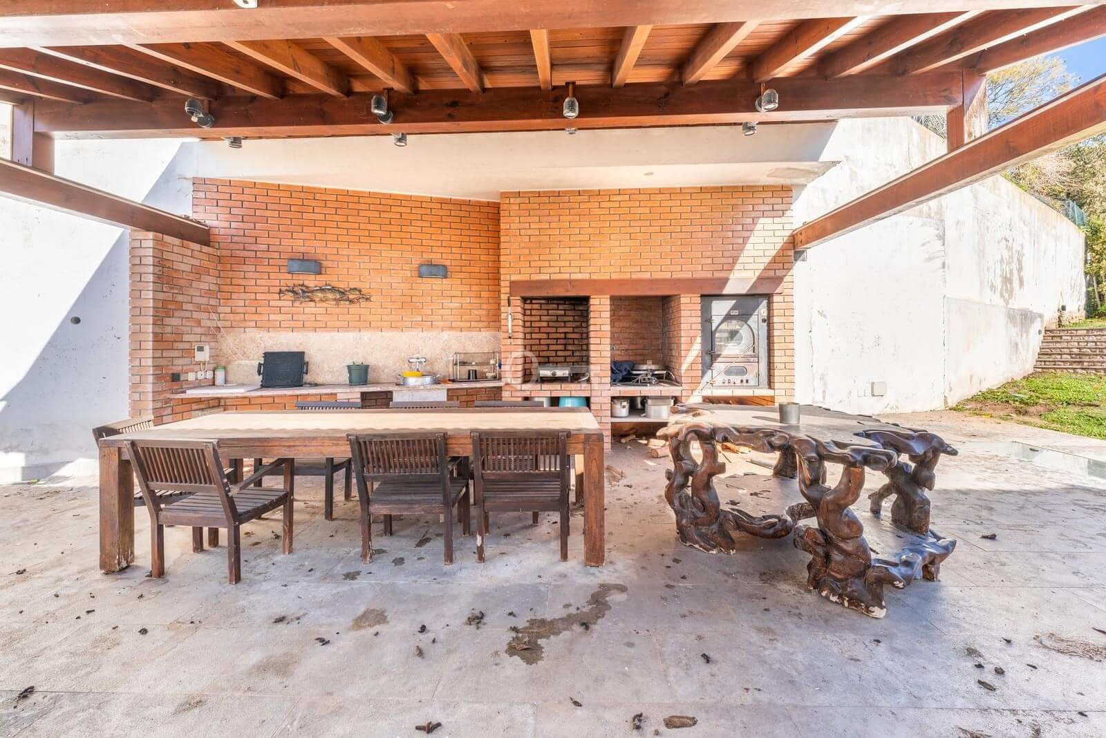 Kuchnia jest równie przestronna i w pełni wyposażona, z centralną wyspą, jadalnią i bezpośrednim dostępem do ogrodu, tworząc funkcjonalną i przyjazną przestrzeń.
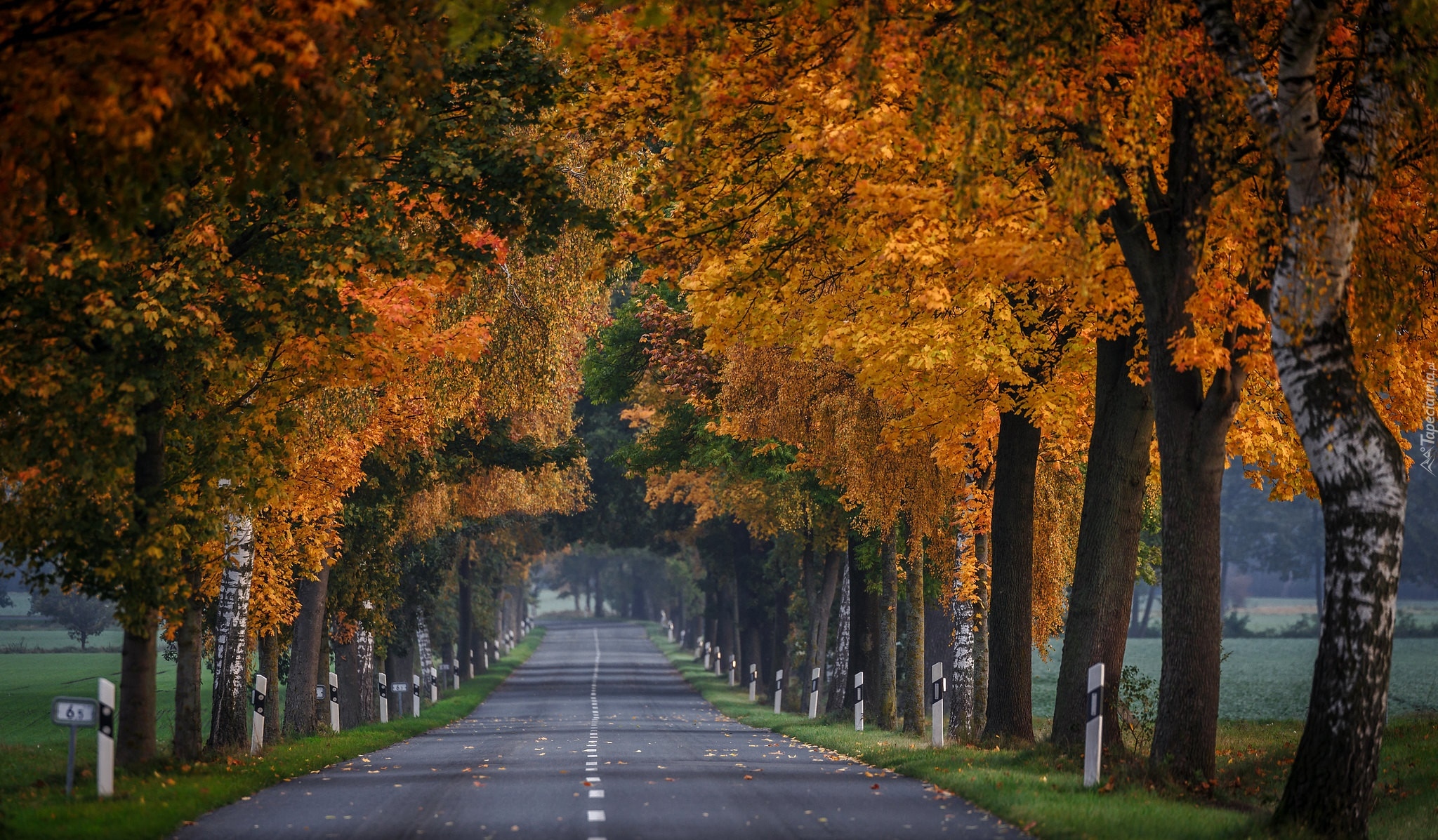Edytor tapety: Asfaltowa droga wśród jesiennych drzew
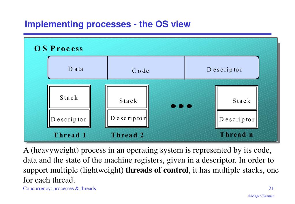 Implementing processes - the OS view A (heavyweight) process in an operating system is represented by its code, data and the state of the machine registers, given in a descriptor. In order to support multiple (lightweight) threads of control, it has multiple stacks, one for each thread.
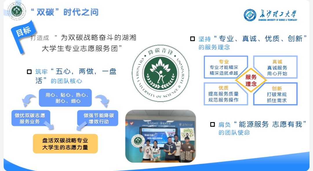 降碳青锋团队通过空调清洗双碳宣传以及节能降碳增效行动,筑牢五心两做一盘活的团队核心,肩负能源服务、志愿有我的团队使命,坚持专业、真诚、优质、创新的服务理念,致力将团队打造成,为双碳战略奋斗的湖湘大学生专业志愿服务团。

-*-

[ACTIVITY]
Using the material above, return every line exactly as it appears, minus the pictures.

[ANSWER SECTION]
 Kuchnia jest równie przestronna i w pełni wyposażona, z centralną wyspą, jadalnią i bezpośrednim dostępem do ogrodu, tworząc funkcjonalną i przyjazną przestrzeń.
Edytor tapety: Asfaltowa droga wśród jesiennych drzew
 Implementing processes - the OS view A (heavyweight) process in an operating system is represented by its code, data and the state of the machine registers, given in a descriptor. In order to support multiple (lightweight) threads of control, it has multiple stacks, one for each thread.
 降碳青锋团队通过空调清洗双碳宣传以及节能降碳增效行动,筑牢五心两做一盘活的团队核心,肩负能源服务、志愿有我的团队使命,坚持专业、真诚、优质、创新的服务理念,致力将团队打造成,为双碳战略奋斗的湖湘大学生专业志愿服务团。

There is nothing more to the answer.